Implications For Evaluating Teaching Effectiveness

Implications For Evaluating Teaching Effectiveness

Introduction

Integrating recent graduates of the BSN program into independent clinical practice can take much work. McGarity et al. (2021) report that the evidence indicates a significant shortfall in preparation for practice; many fresh BSNs are not ready even after passing their licensing tests. The gap between the knowledge acquired on a theoretical basis and the actual ability to put it into practice can potentially result in a compromise on safety for the patients as well as the rise in the unfavorable rates of nurse turnover, which subsequently lowers the standards of healthcare as a whole (Saifan et al., 201). Clinical assignments and classroom instructions are at the heart of a traditional BSN education. However, these engagements could not truly capture the moment-to-moment urgency that is commonly encountered in real clinical statuses. As Saifan et al. (2021) further reiterate, one of the most powerful ways to eliminate this gap is through simulation-based learning that enables students to train in a protected and controlled environment to practice and perfect necessary skills purposefully.

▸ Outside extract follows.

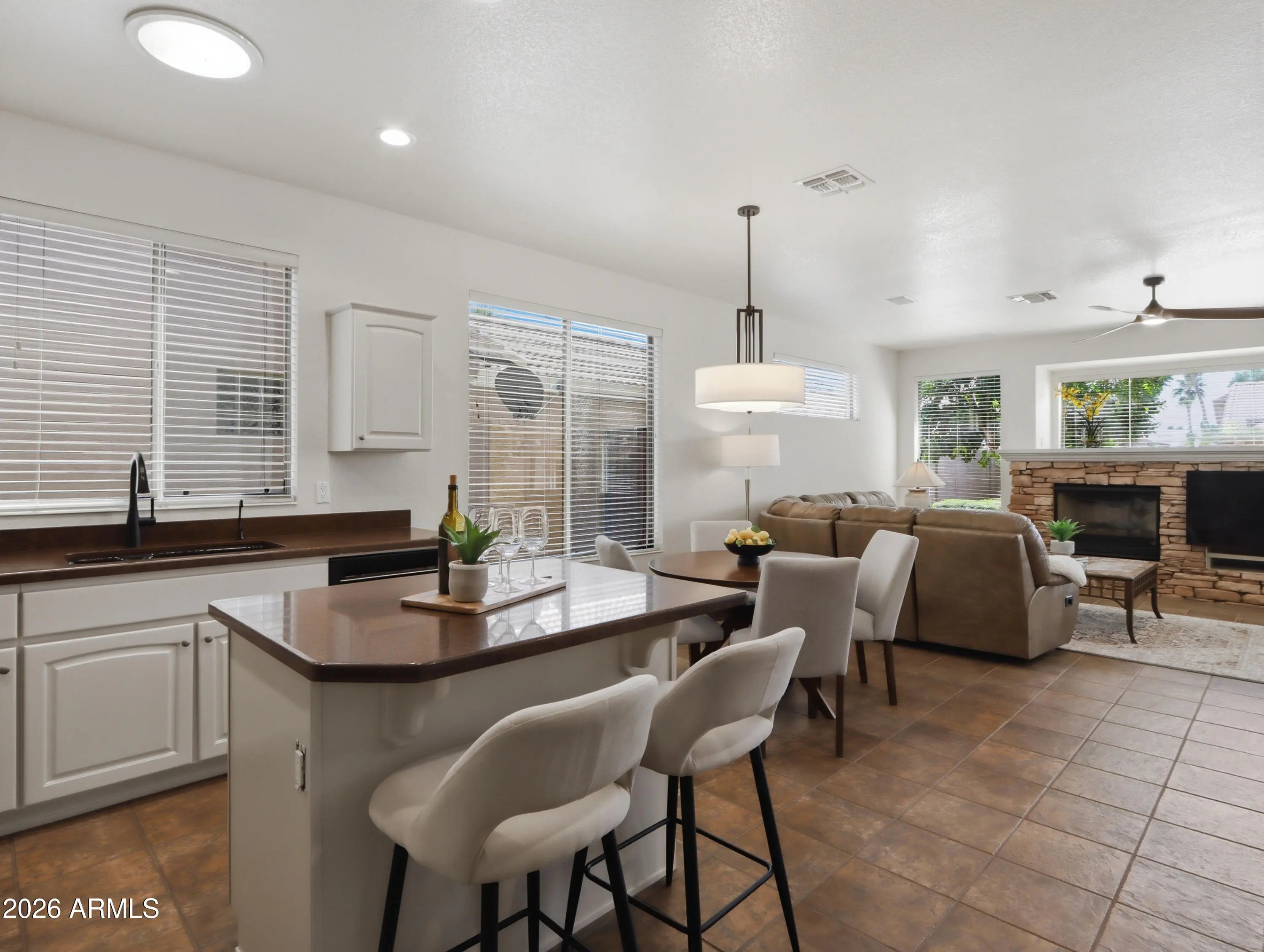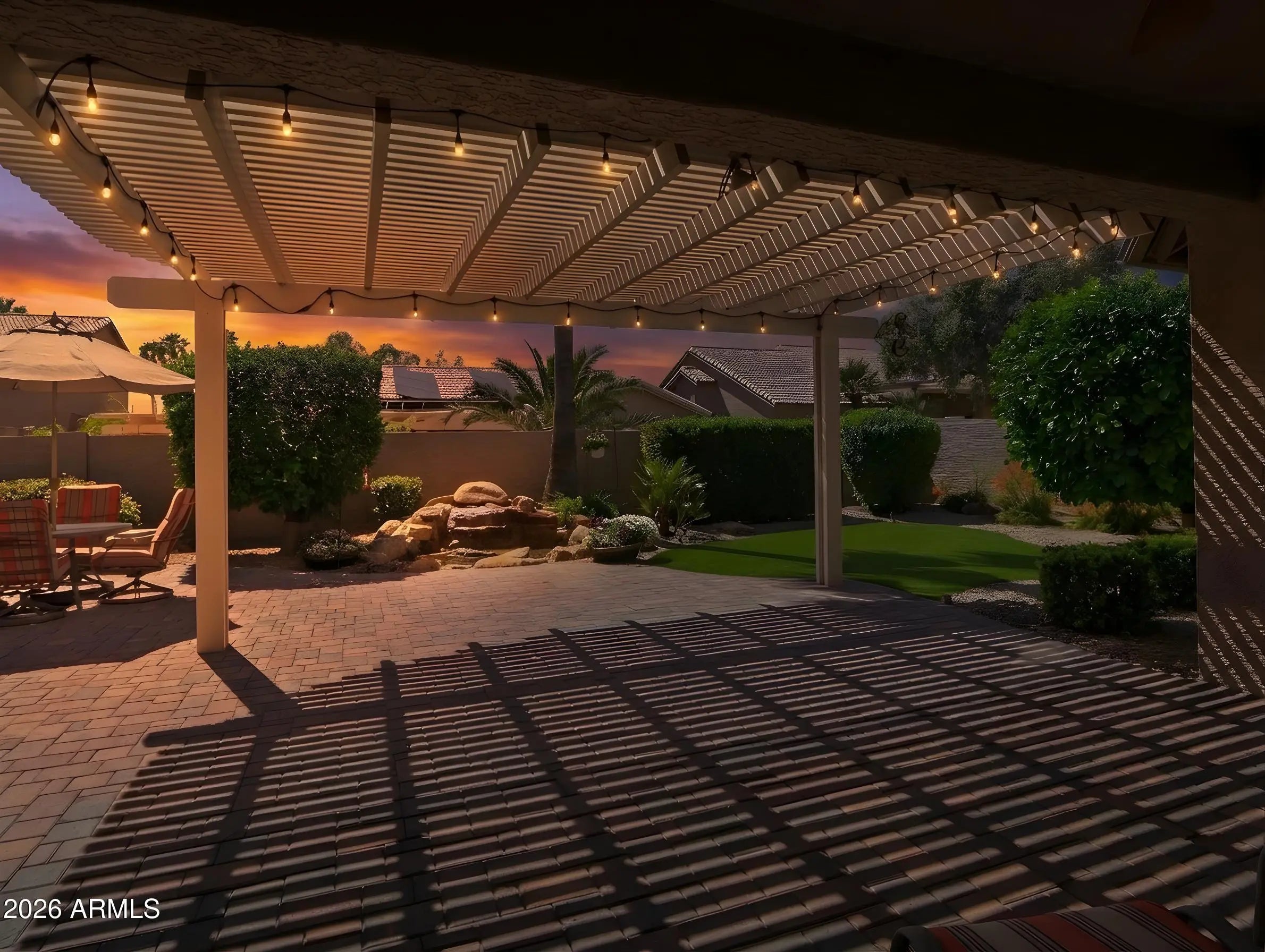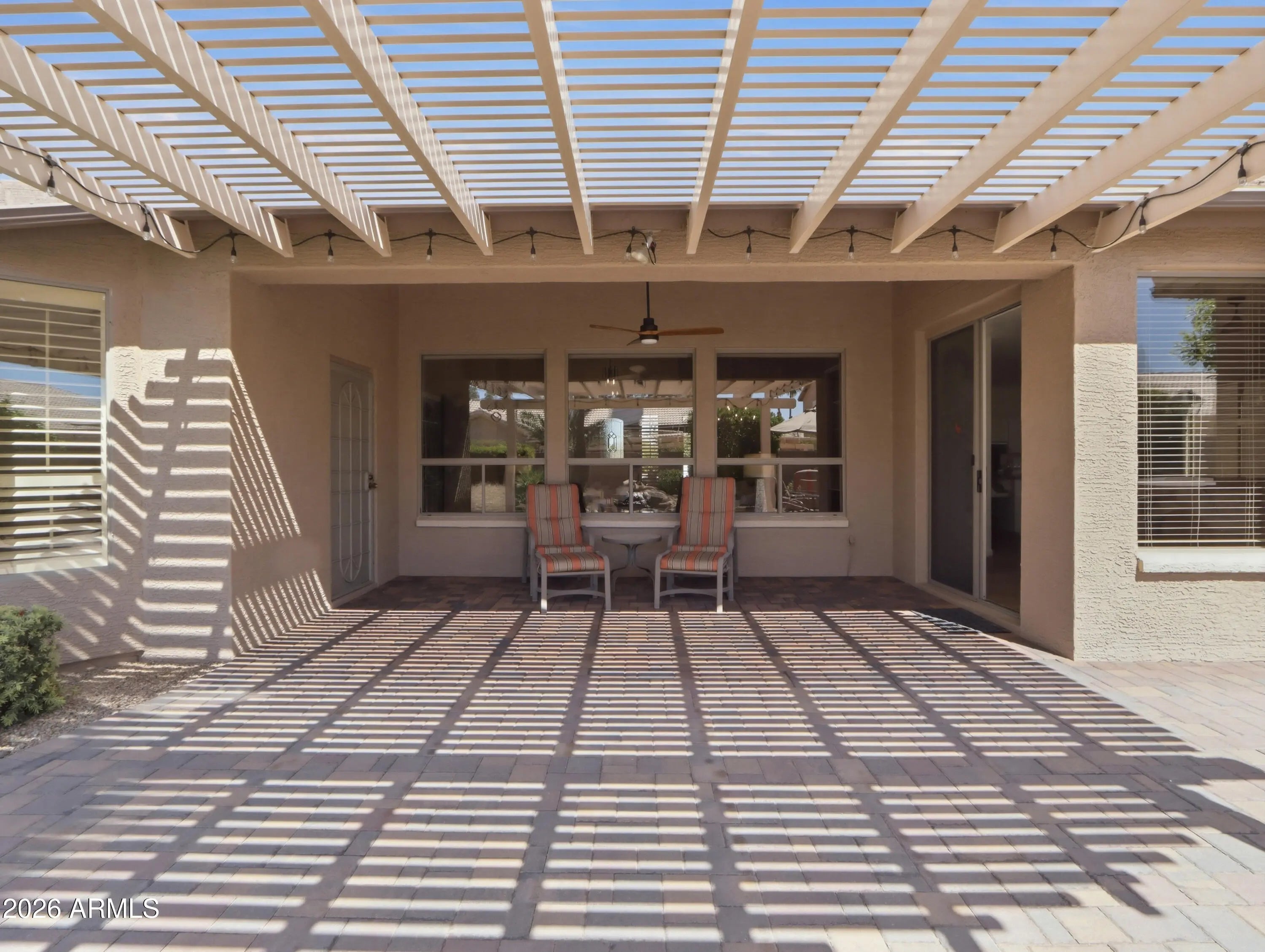 This exceptional three-bedroom Sonoma model in Eagles Nest at PebbleCreek blends elegance, comfort, and resort-style living. A striking front elevation, paver driveway, and welcoming entry lead to light-filled interiors with soaring ceilings and seamless indoor-outdoor flow. The updated kitchen features granite countertops, refreshed cabinetry, and ample storage, opening to spacious living areas with a custom rock-accented fireplace and walls of glass. The private primary suite offers a sitting area, spa-inspired bath, and walk-in closet, while two additional bedrooms add flexibility. Outside, a south-facing backyard oasis features a paver patio, water feature, BBQ, outdoor fireplace, and mature citrus trees--perfect for relaxing or entertaining. This particular Sonoma model presents a rare opportunity to own an exceptional home in the highly sought-after Eagles Nest at PebbleCreek, an award-winning resort community. Thoughtfully upgraded and meticulously maintained, this residence offers the perfect blend of refined comfort and effortless resort-style living. From the moment you arrive, the striking front elevation sets the tone for what awaits. Elegant driveway pavers, a spacious three-car garage, and a welcoming entryway create a memorable first impression. Step inside to soaring ceilings and an abundance of natural light that immediately draws your eye through the home to the beautifully designed, resort-style backyard beyond. The grand living space seamlessly blends indoor and outdoor living, opening to expansive views of the south-facing backyard--your own private tropical oasis. Anchored by a stunning water feature, the setting evokes a sense of tranquility and offers a peaceful retreat right at home. The expansive covered patio serves as a true centerpiece, ideal for relaxing, dining, or entertaining while enjoying Arizona's year-round sunshine. As the day winds down, illuminate the gas lanterns and gather around the outdoor fireplace to take in breathtaking sunset views--creating the perfect setting for cozy desert evenings. Inside, fresh interior paint, modern lighting, and ceiling fans throughout create a stylish, truly move-in-ready environment. The thoughtfully updated kitchen features refreshed cabinetry, granite countertops, and abundant storage, all within an open layout that flows effortlessly into the main living area--perfect for both everyday living and entertaining. The adjacent family room is filled with natural light from tall glass doors that open to the patio, offering a warm and inviting space for gatherings. A gas fireplace with custom rock accents serves as a beautiful focal point, enhancing the home's cozy and welcoming ambiance. The luxurious primary suite is a true retreat, complete with a comfortable sitting area and oversized windows with plantation shutters. The spa-inspired ensuite bath features a large tile-surround shower, dual-sink vanity, a dedicated makeup space, and a custom walk-in closet with extensive built-ins--delivering both elegance and functionality. The second bedroom is generously sized with its own walk-in closet, while the third bedroom offers flexible space ideal for guests, hobbies, or a home office. Both are conveniently served by a well-appointed hallway bath with a tub. Step outside once more to the resort-style backyard--truly the showstopper of the home. With ideal southern exposure, the extended custom paver patio, tranquil water feature, and mature, fruit-bearing citrus trees--including lemon, orange, and grapefruit--create a setting that is as beautiful as it is enjoyable. A built-in bar and BBQ grill elevate the outdoor experience, making it perfect for entertaining or simply unwinding in your own private retreat. Additional highlights include a three-car garage with dedicated golf cart parking, built-in storage cabinetry, and a workbench--ideal for hobbies or projects. Rain gutters add an extra layer of convenience and peace of mind. Beyond the home itself, enjoy a friendly and welcoming neighborhood that fosters connection, activity, and the very best of resort-style living.

Implications For Evaluating Teaching Effectiveness

The application of VR simulation in this technology has created a new frontier. VR technology provides a system of virtual reality (VR) simulations that are completely immersive and very realistic, and that let nursing students practice difficult clinical situations and get feedback in real-time without any risk to patients (Badowski et al., 2021; Yang et al., 2021). It is a transformative technology for nursing education that gives learners the most realistic scenarios to help them increase the depth and quality of their clinical reasoning skills to the maximum (McGarity et al., 2023). VR enables students to gain skills in experimental or secure surroundings that are critically important when transitioning from theory to practice. Recent experiments suggest that new nurses could use VR to develop their skills as far as decision-making and critical thinking are concerned, which will then enable them to do what they are supposed to do in the real-world clinical environment that may sometimes seem to be unbearable to the new nurses (Saifan et al., 2021). The priorities are the same as those of competency-based nursing education—enhancing readiness in simulated VR experience goes before the rest of the evidence-based teaching strategies aimed at creating graduates who are professionally ready for the workforce.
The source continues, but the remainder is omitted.